The Key
The wrong key was in the lock. I strained at twisting the key, trying to get in the door but it was futile. I tried putting in the right key but I couldn't. It was physically impossible. It simply wouldn't fit into the lock because the old key was still in it.
My goals could not be reached unless I could get through that door. I sat on the porch, head in hands, pondering. "There's got to be a way," I reasoned. I felt a strong sense of frustration, anger, rage that things couldn't go the way I felt they should go.
In the stillness, an idea crept into my mind. A simple idea. Too simple, I thought. But the idea persisted. "Take the old key out. Nothing positive or new can happen unless you take the old key out." I felt like I was receiving a message from the Holy Spirit.
I stood up, turned around and walked over to the door. I took out the key that was lodged in the door. As I did, the weight of the old ways of doing things seemed lifted from my mind. I felt free. Freer than I'd felt for a long time. The ancient ways of doing things seemed to scatter behind me like autumn leaves blowing off trees that had stood in my garden for centuries. Indeed, those ancient trees themselves representing ages and ages of doing things only one way, came unearthed and toppled harmlessly to the ground.
The Holy Spirit shivered through me. I reached into my pocket and I grasped the right key hopefully, prayerfully, in my hand. Would it work?
The key slid almost effortlessly into the lock and, as I turned it, I sensed all of God's love and joy and peace cascading down the deep inclines of my mind. I felt I was in the lead car, waving to the crowd, as confetti was tossed from all the buildings we passed in a magnificent ticker tape parade. The new key to a new way of life slid into the lock because the old key was taken out. How much more simple could it be?

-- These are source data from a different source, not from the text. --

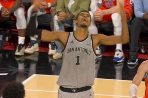 很穩(wěn)!馬刺領(lǐng)先3分點(diǎn)球戰(zhàn)術(shù)成功 切特2罰1中 文班怒吼慶祝!
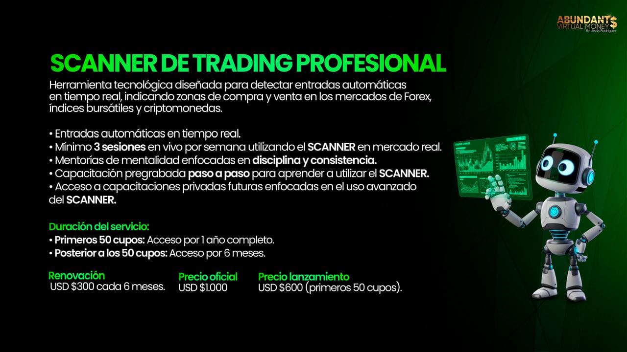 Utiliza tecnología aplicada al trading como el SCANNER, que te ayuda a identificar zonas de compra y venta en tiempo real, junto con sesiones en vivo donde lo usamos en mercado real.
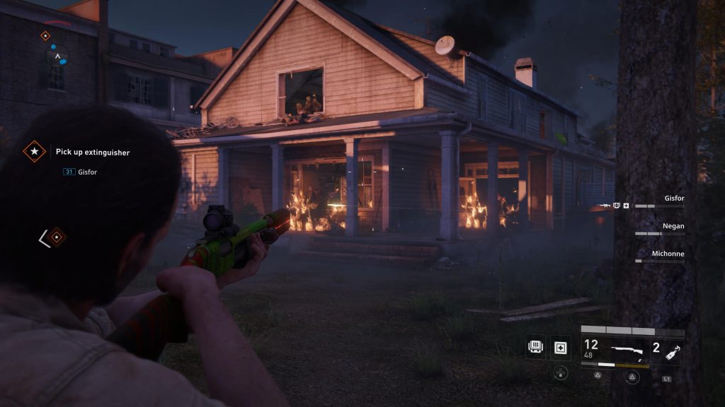 Most interesting though, is the Alexandria Safe Zone. A sort of The Last of Us suburban settlement with streets and houses. However, the area has been overrun, and each house is either full of zombies or on fire. Probably both. So you’ll need to rescue survivors, avoid getting eaten and put out fires. It’s the most interesting of the new chapters and the most challenging.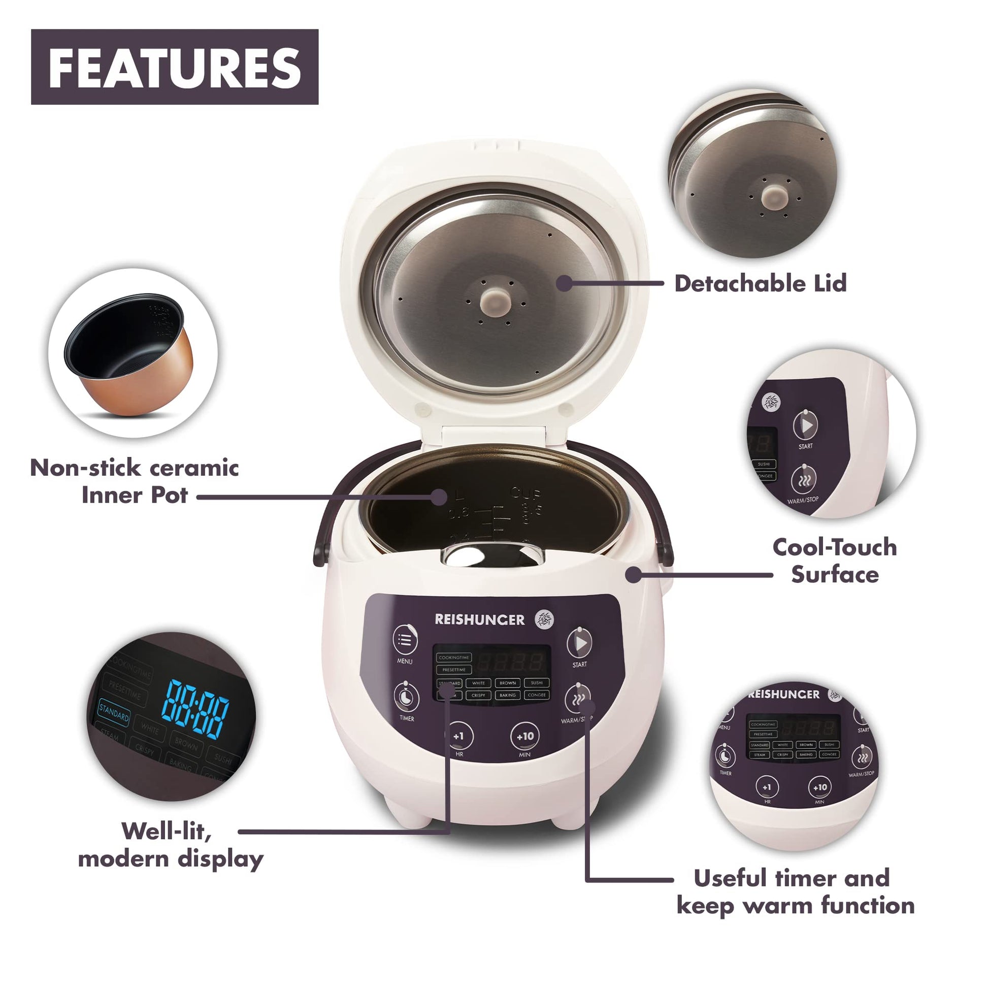 REISHUNGER Digital Rice Cooker Small, White | 0.6 L for 3 people | Keep Warm Function, Timer & Premium Pot | Small Multi-Cooker & Steamer, 8 Programs, 7-Phase Technology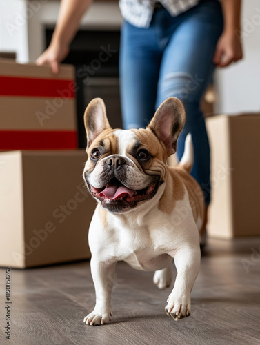 dog, french bulldog, moving, new home, box, wooden floor, excitement, household, pet, happy, relocation, indoor, family, companionship, unpack, living space, joyful, lifestyle, animal, exploration, gesture, human, furniture, transition, cute, playful, furry, breed, happiness, domestic, home, scene, interaction, emotion, activity, environment, comfort, logistic, movement, engagement, area

I realized that unless I let go of all that I thought was true, nothing could happen. God simply could not write afresh on my heart. It occurred to me, as I grasped the door knob to go into my new life, that God would not impose the truth on me. I needed to be willing to make way for it. I needed to let go of the old.
The ecstasy I felt as I entered my new life could not be described. The pure joy and love and peace that embraced me upon my entrance, has not waned. It is with me still.